(Dataset excerpts)
§
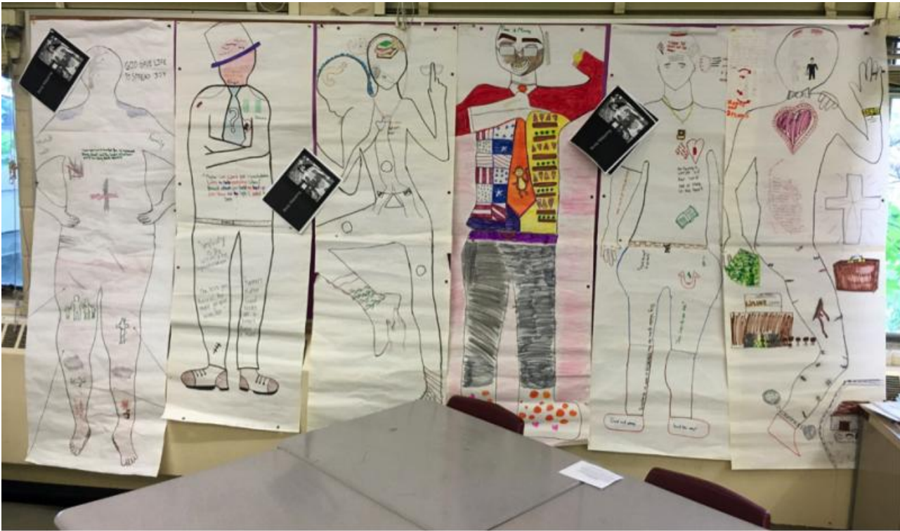
Figure 1: Completed Body Maps

Through Body Maps, students created visual interpretations of characters' experiences with discrimination based on race, gender, age, and socio-economic status. My collaborating teacher and I then conferenced with students to discuss what symbols students chose to use to interpret their assigned characters' onto Body Maps, and to go over what connections they made between their characters' lived experiences, and the ways that these issues manifest in society today. The Body Maps acted as an initial tool to help students become critically conscious of the characters' experiences with discrimination by mapping them out using symbols.
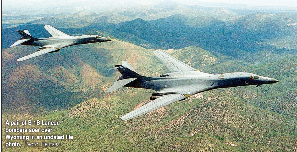
A pair of B-1B Lancer bombers soar over Wyoming in an undated file photo. PHOTO: REUTERS

delayed a planned US military B-1B bomber flight to the Korean peninsula that had been scheduled for Monday. — Reuters
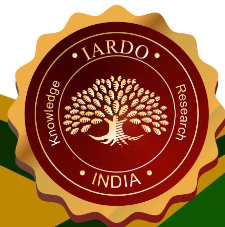
Coordinator, IARDO Bangkok Chapter
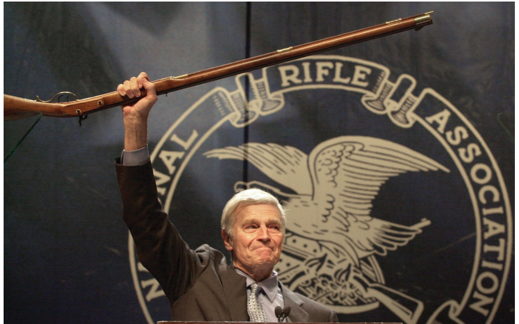
Figure 9.2 Charlton Heston

As its president, this hero of some of Hollywood's greatest epics brought the NRA even more prominence, especially when he uttered his defiant phrase.
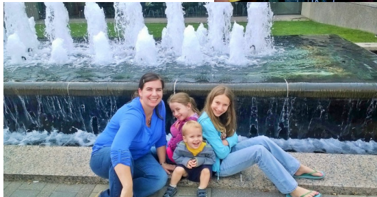
On our way to a presentation—stopped and snapped a picture by a fountain in Kansas City, Kansas
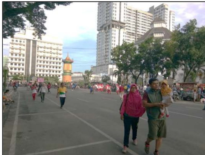
Figure 6. Potential Gateway District activities in Medan Merdeka Square (Source: Author observation, 2019)

Provision of facilities for public street furniture such as seats (Figure 7) and decorative lighting city room accommodates enjoyment activities with visual treat towards the historical buildings, under the shade of a big tamarind tree, street musicians show with thematic exhibitions and special snacks treats the city of Medan. This city open space can be used also for the activities of the souvenir center that will strengthen memories the city of Medan.
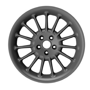
19" Multispoke Alloy Wheels - Frozen Grey
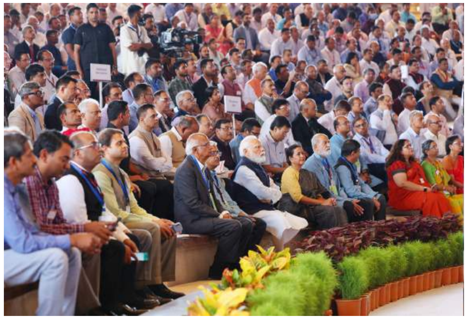
PM at the inauguration of the first-ever National Training Conclave at the International Exhibition and Convention Centre, in Pragati Maidan, New Delhi
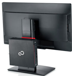
Mini PC powered from the display via Type-C option

With the mini PC and mini power pack, you gain a tidy desk and save space without compromising on computing power or security. Mounted discreetly on the display stand, the ESPRIMO eliminates cable clutter.
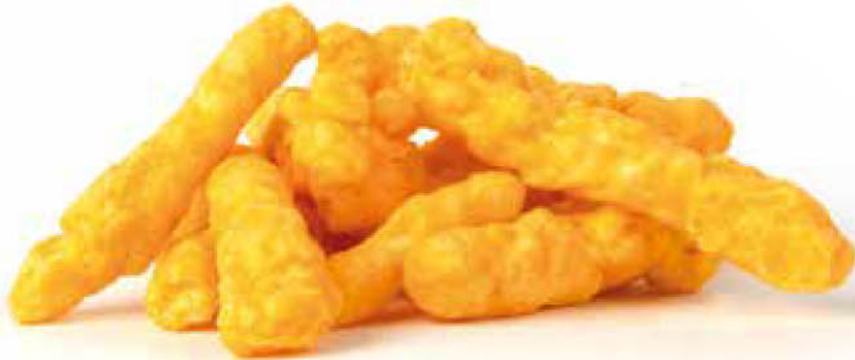
CRUNCHEES (CRIX STYLE) Gluten Free Baked Snacks
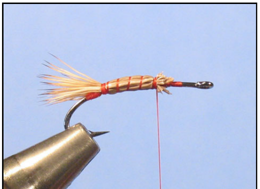
Cut the waste with angled cuts so that it won't result in a sharp edge when you cover the hair butts.
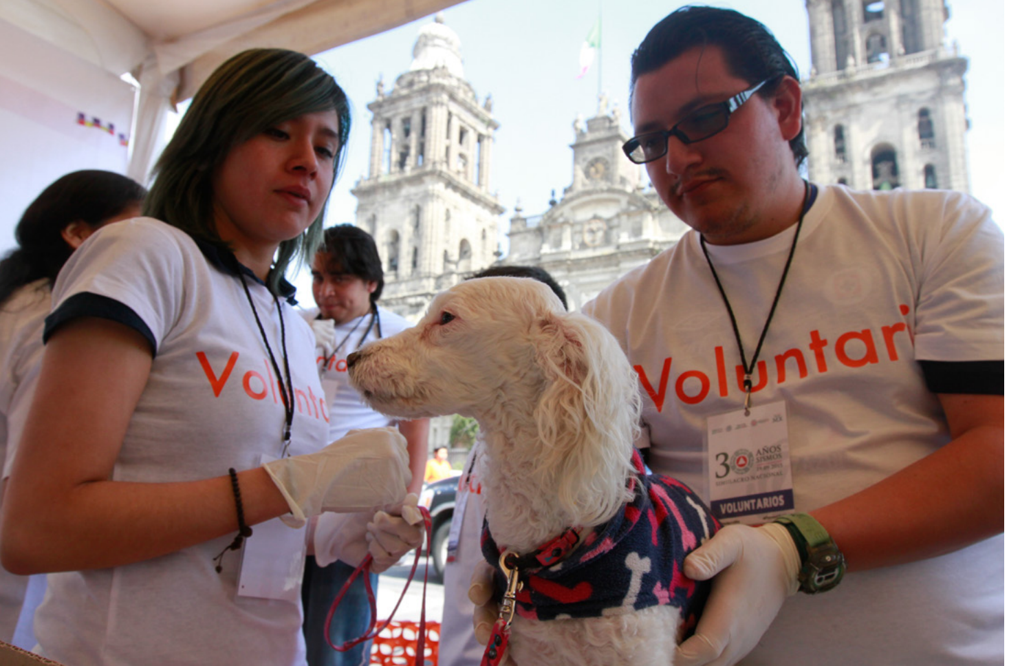
Above: In 1985 Mexico City suffered a devastating earthquake, which killed thousands of people. In 2015 the city marked the 30th anniversary with a drill. World Animal Protection participated in the drill and used the opportunity to promote a public service announcement to include pets in the families emergency plan.
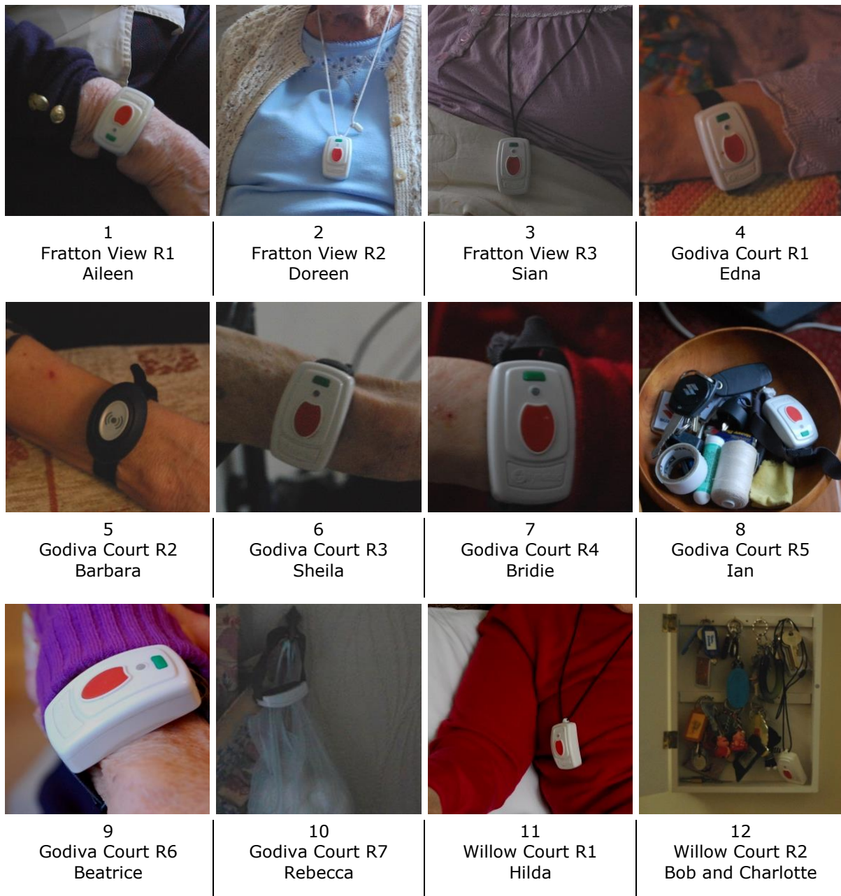
Figure 2: Residents and pendants at time of visit

was concerned to address it by raising the need to wear the pendant whenever he saw Ian, including provide reassurance on 'false alarms'.
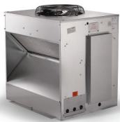
ECC1200 remote condensing unit
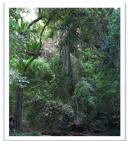
Photo 1. A typical example of a patch of rainforest growing in a gully with a dense canopy and understory features including strangling figs, plank buttresses, large epiphytes and woody vines.

This introductory guide provides basic information on sub-tropical rainforest and outlines the steps required to restore it through revegetation.
§
Copy out the data exactly and keep the pictures out.

Figure 1: Completed Body Maps

Through Body Maps, students created visual interpretations of characters' experiences with discrimination based on race, gender, age, and socio-economic status. My collaborating teacher and I then conferenced with students to discuss what symbols students chose to use to interpret their assigned characters' onto Body Maps, and to go over what connections they made between their characters' lived experiences, and the ways that these issues manifest in society today. The Body Maps acted as an initial tool to help students become critically conscious of the characters' experiences with discrimination by mapping them out using symbols.
A pair of B-1B Lancer bombers soar over Wyoming in an undated file photo. PHOTO: REUTERS

delayed a planned US military B-1B bomber flight to the Korean peninsula that had been scheduled for Monday. — Reuters
Coordinator, IARDO Bangkok Chapter
Figure 9.2 Charlton Heston

As its president, this hero of some of Hollywood's greatest epics brought the NRA even more prominence, especially when he uttered his defiant phrase.
On our way to a presentation—stopped and snapped a picture by a fountain in Kansas City, Kansas
Figure 6. Potential Gateway District activities in Medan Merdeka Square (Source: Author observation, 2019)

Provision of facilities for public street furniture such as seats (Figure 7) and decorative lighting city room accommodates enjoyment activities with visual treat towards the historical buildings, under the shade of a big tamarind tree, street musicians show with thematic exhibitions and special snacks treats the city of Medan. This city open space can be used also for the activities of the souvenir center that will strengthen memories the city of Medan.
19" Multispoke Alloy Wheels - Frozen Grey
PM at the inauguration of the first-ever National Training Conclave at the International Exhibition and Convention Centre, in Pragati Maidan, New Delhi
Mini PC powered from the display via Type-C option

With the mini PC and mini power pack, you gain a tidy desk and save space without compromising on computing power or security. Mounted discreetly on the display stand, the ESPRIMO eliminates cable clutter.
CRUNCHEES (CRIX STYLE) Gluten Free Baked Snacks
Cut the waste with angled cuts so that it won't result in a sharp edge when you cover the hair butts.
Above: In 1985 Mexico City suffered a devastating earthquake, which killed thousands of people. In 2015 the city marked the 30th anniversary with a drill. World Animal Protection participated in the drill and used the opportunity to promote a public service announcement to include pets in the families emergency plan.
Figure 2: Residents and pendants at time of visit

was concerned to address it by raising the need to wear the pendant whenever he saw Ian, including provide reassurance on 'false alarms'.
ECC1200 remote condensing unit
Photo 1. A typical example of a patch of rainforest growing in a gully with a dense canopy and understory features including strangling figs, plank buttresses, large epiphytes and woody vines.

This introductory guide provides basic information on sub-tropical rainforest and outlines the steps required to restore it through revegetation.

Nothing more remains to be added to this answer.